## What you have to do
What you return should be the exact lines from the one with "새로운 중국 스타일의" to the end of the records below, both included, and no pictures.
Data extracts section start
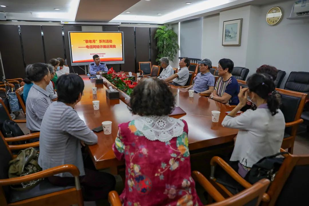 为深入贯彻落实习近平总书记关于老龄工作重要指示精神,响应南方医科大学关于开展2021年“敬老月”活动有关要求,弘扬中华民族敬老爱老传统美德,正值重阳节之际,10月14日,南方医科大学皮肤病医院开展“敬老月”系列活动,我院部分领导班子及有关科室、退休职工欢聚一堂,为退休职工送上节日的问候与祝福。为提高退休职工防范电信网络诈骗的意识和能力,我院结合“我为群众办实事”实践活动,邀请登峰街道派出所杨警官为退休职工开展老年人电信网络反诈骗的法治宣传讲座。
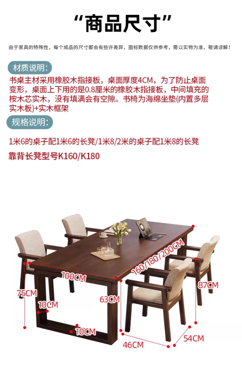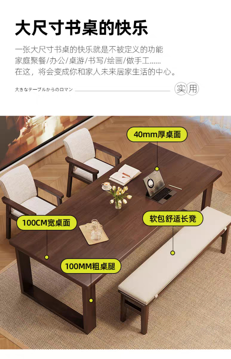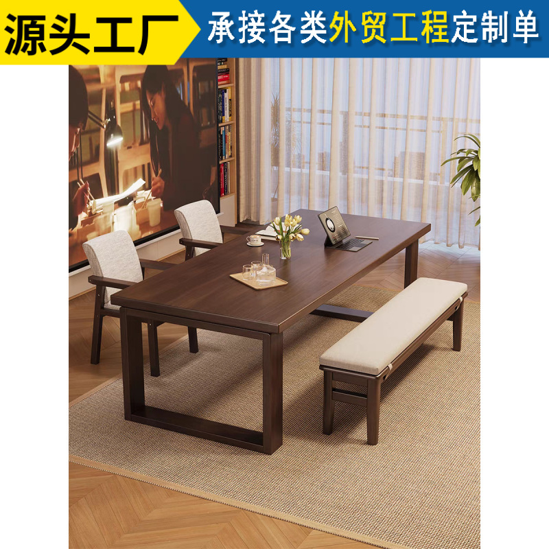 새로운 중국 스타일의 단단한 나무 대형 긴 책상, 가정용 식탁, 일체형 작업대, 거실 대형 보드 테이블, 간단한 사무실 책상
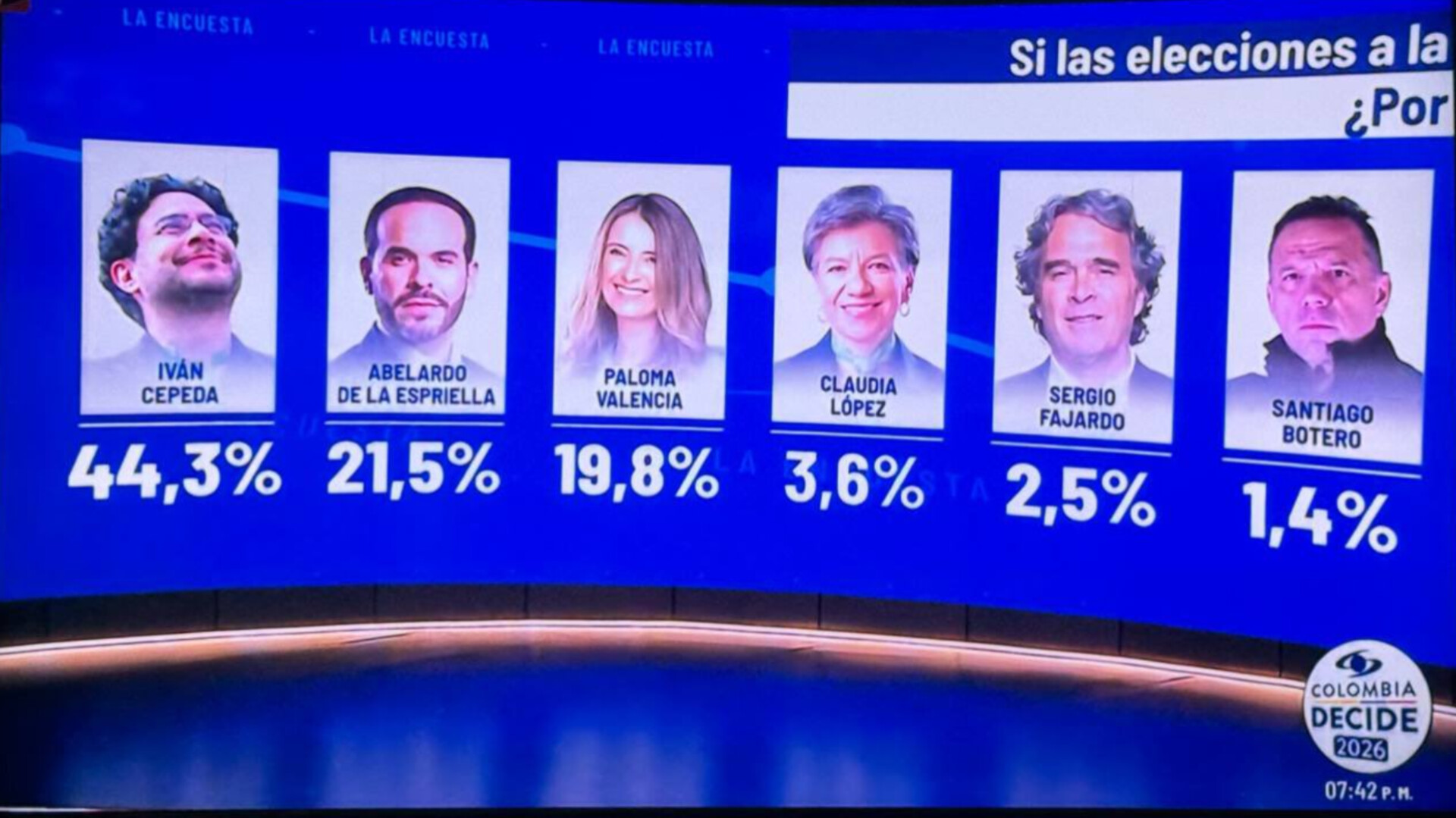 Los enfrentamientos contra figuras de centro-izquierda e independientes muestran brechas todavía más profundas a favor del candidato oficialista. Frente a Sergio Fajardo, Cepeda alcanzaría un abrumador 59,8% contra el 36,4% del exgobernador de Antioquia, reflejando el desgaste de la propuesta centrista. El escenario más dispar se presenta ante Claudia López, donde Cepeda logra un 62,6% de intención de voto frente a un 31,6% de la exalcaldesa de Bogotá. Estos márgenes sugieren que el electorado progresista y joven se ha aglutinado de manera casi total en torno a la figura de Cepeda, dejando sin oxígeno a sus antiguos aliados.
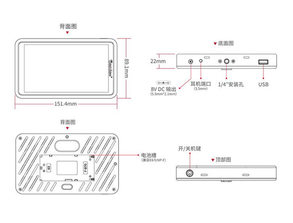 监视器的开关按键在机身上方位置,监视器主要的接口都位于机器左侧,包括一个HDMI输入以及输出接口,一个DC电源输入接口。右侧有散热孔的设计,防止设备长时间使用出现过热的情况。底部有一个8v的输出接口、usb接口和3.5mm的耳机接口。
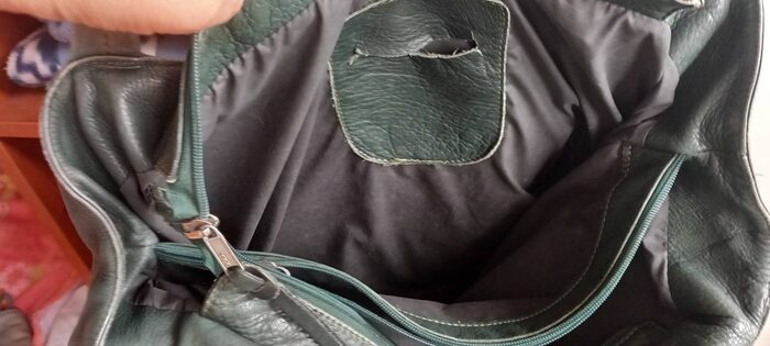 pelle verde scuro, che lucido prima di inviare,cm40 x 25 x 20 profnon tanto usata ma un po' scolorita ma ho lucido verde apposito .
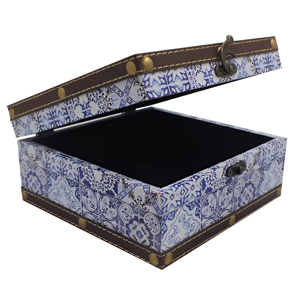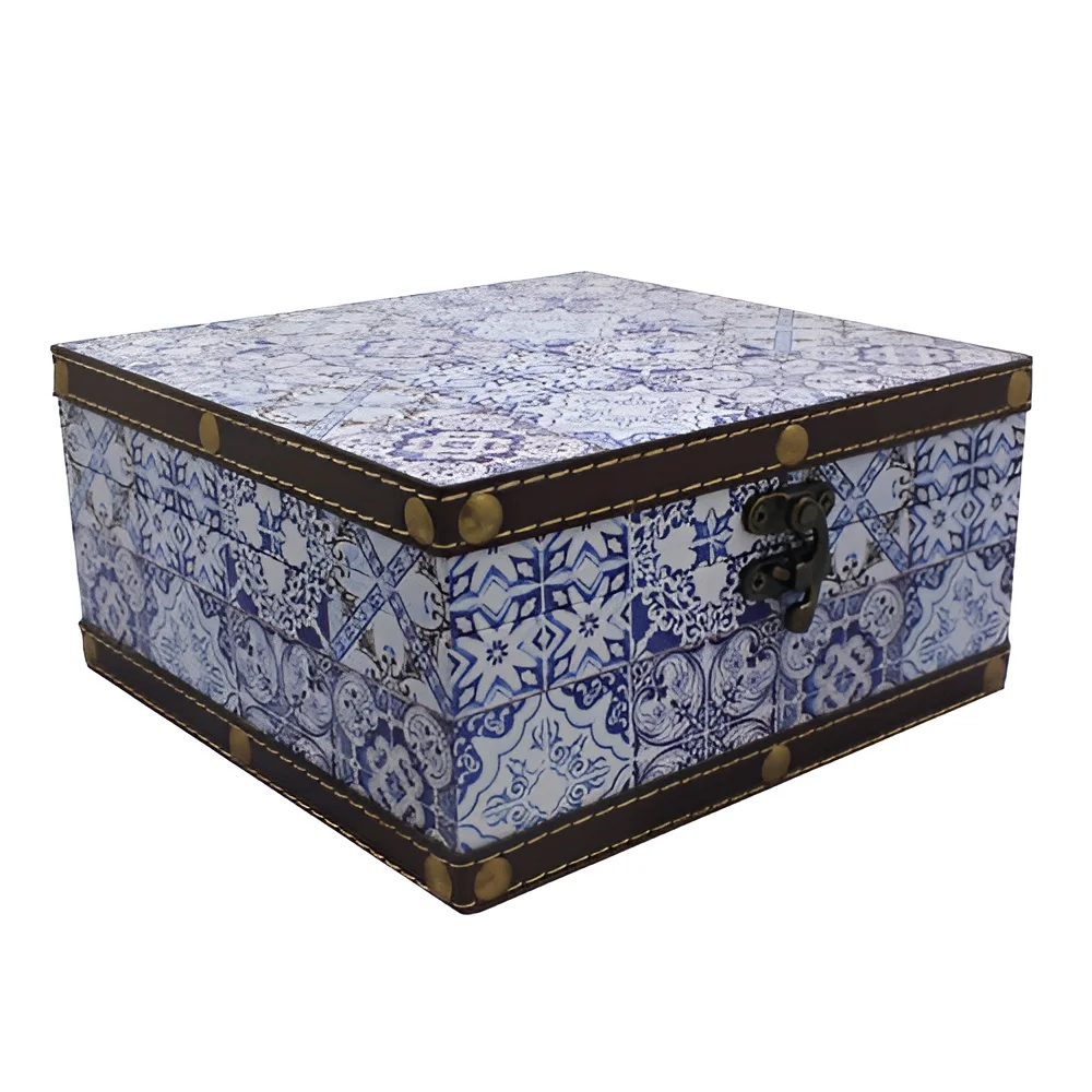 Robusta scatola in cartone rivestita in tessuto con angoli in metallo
Data extracts section end
## Worked solution
 새로운 중국 스타일의 단단한 나무 대형 긴 책상, 가정용 식탁, 일체형 작업대, 거실 대형 보드 테이블, 간단한 사무실 책상
 Los enfrentamientos contra figuras de centro-izquierda e independientes muestran brechas todavía más profundas a favor del candidato oficialista. Frente a Sergio Fajardo, Cepeda alcanzaría un abrumador 59,8% contra el 36,4% del exgobernador de Antioquia, reflejando el desgaste de la propuesta centrista. El escenario más dispar se presenta ante Claudia López, donde Cepeda logra un 62,6% de intención de voto frente a un 31,6% de la exalcaldesa de Bogotá. Estos márgenes sugieren que el electorado progresista y joven se ha aglutinado de manera casi total en torno a la figura de Cepeda, dejando sin oxígeno a sus antiguos aliados.
 监视器的开关按键在机身上方位置,监视器主要的接口都位于机器左侧,包括一个HDMI输入以及输出接口,一个DC电源输入接口。右侧有散热孔的设计,防止设备长时间使用出现过热的情况。底部有一个8v的输出接口、usb接口和3.5mm的耳机接口。
 pelle verde scuro, che lucido prima di inviare,cm40 x 25 x 20 profnon tanto usata ma un po' scolorita ma ho lucido verde apposito .
 Robusta scatola in cartone rivestita in tessuto con angoli in metallo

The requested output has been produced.